Ich frage, damit das Thema ins entsprechende Forum verschoben wird - Stichwort: "Verwendung eines Farbprofils".

mfg Maik


----------



## Godstyle (12. Juli 2010)

ok dachte es sei ein css problem deswegen hier. die grafiken habe ich mit fireworks cs4 erstellt


----------



## Maik (12. Juli 2010)

Nö, hier liegt kein CSS-Problem vor.

Vielmehr solltest du die Dateien ohne Verwendung eines Farbprofils speichern.

Achja, vernachlässige mal die Shift-Taste nicht, um unserer Netiquette nachzukommen.

mfg Maik


----------



## d-braun (12. Juli 2010)

Webechte Farben verwendet? Einige Browser können nicht alle Farben darstellen (Stichwort Dithering).
Dadurch kann bei einfarbigen Backgrounds die Farbe "falsch" dargstellt werden.


----------



## Godstyle (12. Juli 2010)

ich habe meine seite 2 mal geöffnet einmal im iexplorer und einmal firefox. hab sie direkt neben einander gelegt und kann nur sagen das er deffinitiv den fehler in der grafik hat und nicht im bg bereich.

Sollte es nicht bei grafiken eigentlich kein unterschied machen?
Die farbe ist also webecht da der iexplorer sie ja als bg farbe darstellen kann.

Mein gedanke zur lösung war:

 ich könnte den Türkisen teil der grafik wegnehmen und transparent machen, so das er wieder den seiten bg an diese stelle lädt,
oder ich nehme ein pixel img der fabre und lade das als bg hoch.

Wie man erkennt ist es kein großer unterschied der farbe aber als komplette seite fällt es schon auf wenn alle grafiken von so einer fehlerhaften umrandung sind


----------



## Maik (12. Juli 2010)

Die Großschreibung endet nicht nach dem Satzanfang 

mfg Maik


----------



## chmee (12. Juli 2010)

Godstyle, das Transparentmachen ist ein möglicher Workaround, ändert aber nichts am eigentlichen Problem. Wie es scheint, ist ein Farbprofil eingestellt, welches FF sauber darstellt, IE aber mangels Farbprofilunterstützung nicht richtig darstellt. Die webechten Farben sind lange her und ich halte dies nicht für das Problem. Mit welchen Programm wurden die Daten erstellt und ist dort womöglich ein Farbprofil eingestellt, welches eben nicht ganz das Richtige ist?

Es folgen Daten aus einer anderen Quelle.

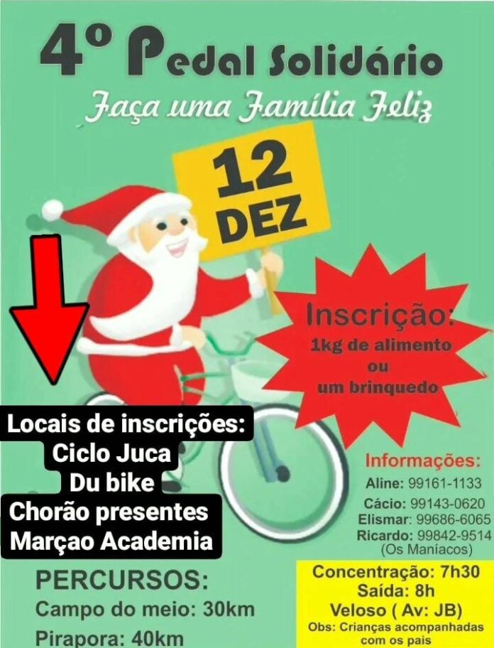 Qualquer pessoa pode participar, basta contribuir com pelo menos 1kg de alimento ou com algum brinquedo. As inscrições podem ser feitas nos seguintes locais: Ciclo Juca, Du Bike, Chorão Presentes e Marção Academia.

Ich habe hier mal ein Bildausschnitt in sRGB angehängt.. Ich werd mal selbst testen, ob sich hier schon erhebliche Unterschiede in FF/IE/Safari äußern..

#hups* erstes Bild war ohne ICC-Profil.sry.. gleich nochmal

mfg chmee

edit: Dieses Bild wird in IE blass angezeigt, in FF und Safari ist zB das Rot schön knackig. Schon der Unterschied Anhang unten und angeklickt mit eigenem Profil ist in FF sichtbar.


----------



## Godstyle (12. Juli 2010)

Wie oben gesagt habe ich die Grafiken fireworks cs4 erstellt.


----------



## chmee (12. Juli 2010)

Godstyle, vielleicht hilft die Kurzinfo Hier weiter:
http://www.tutorials.de/forum/photo...v2-rgb-beim-bau-von-webpages.html#post1880890

mfg chmee


----------